El comisario de Policía está siempre a su servicio.
Y lo está en virtud de leyes que él mismo se hizo. En un caso extremo, al encontrar
a los amantes en flagrant dálit10, puede matarlos a los dos, sin tener que darle cuenta a
nadie. Ma biche lo sabe y lo encuentra muy bien. La larga tutela ha hecho que ma
biche no piense ni sueñe, como sucede en algunos países bárbaros y ridículos, en ir a
estudiar a las universidades ni en formar parte de club o ser diputada. Prefiere
quedarse en su actual estado aéreo, canallesco, por así decirlo. La visten, la calzan los
guantes, la llevan a paseo, baila, engulle bombones, la tratan en lo exterior como a
una reina, y su marido, en apariencia, se le pone de rodillas. Esa forma de relaciones
es de una elaboración pasmosamente eficaz y distinguida; en resumidas cuentas : que
se observan las normas caballerescas. ¿Y qué más se puede pedir? Porque a Gustave
no se lo quitan. Tampoco ella ha menester algún fin virtuoso, elevado en la vida,
etcétera, etcétera; en realidad, es tan amante del dinero, tan roñosa, como su marido.
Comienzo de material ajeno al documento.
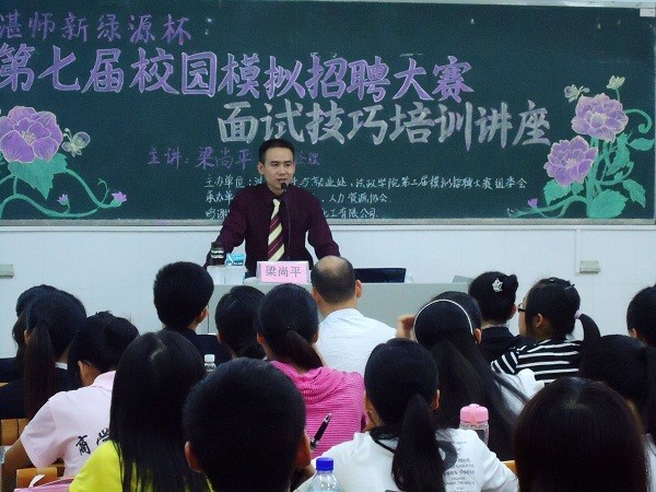 湛师新闻网10月30日讯 昨晚,“新绿源杯”第七届模拟招聘赛系列讲座之如何提高面试技巧专场于燕雷楼704室举行。本次讲座由广东新绿源化工有限公司梁尚平副经理主讲。

Cuando se le pasan los años canariescos, es decir, cuando llega el instante en que ya
no hay forma de tomarla por un canario, cuando la posibilidad de un nuevo Gustave
resulta ya un absurdo aun para la más fogosa y engreída fantasía, entonces ma biche
sufre una transformación rápida y enojosa. Se acabaron las galas, la coquetería, el
buen humor. Vuélvese, en general, mala, cicatera. Frecuenta la iglesia, ahorra dinero
a porfía con su marido, y mira de pronto a todo el mundo con una especie de cinismo;
preséntase inopinadamente el cansancio, el enojo, los groseros instintos, la falta de
finalidad de la existencia, el lenguaje cínico. Algunas hasta se vuelven sucias. Claro
que no siempre es así, que también se observan otros fenómenos más gratos y que en
todas partes se dan las mismas relaciones sociales; pero... allí se en cuentra todo eso
en su terreno propio, resulta más original, más curioso, más cumplido; es todo eso
más nacional. Allí radican el venero, la fuente de esas fórmulas sociales burguesas
que imperan ahora en todo el mundo a título de eterno remedo de esa gran nación. Sí:
en lo exterior ma biche es una reina. Difícil formarse una idea de la refinada cortesía,
de la deferencia exquisita que le rodean en todas partes, así en los salones como en la
calle. Ese vasallaje admirable llega a veces a extremos que no soportaría algún alma
honrada. La picara ficción la ofendería en lo más profundo. Pero también ma biche es
una picarona y... no pide más que eso... Siempre toma lo suyo y prefiere mariposear a
ir honrada y derechamente al asunto, y, a su juicio, es mejor y más grande el juego.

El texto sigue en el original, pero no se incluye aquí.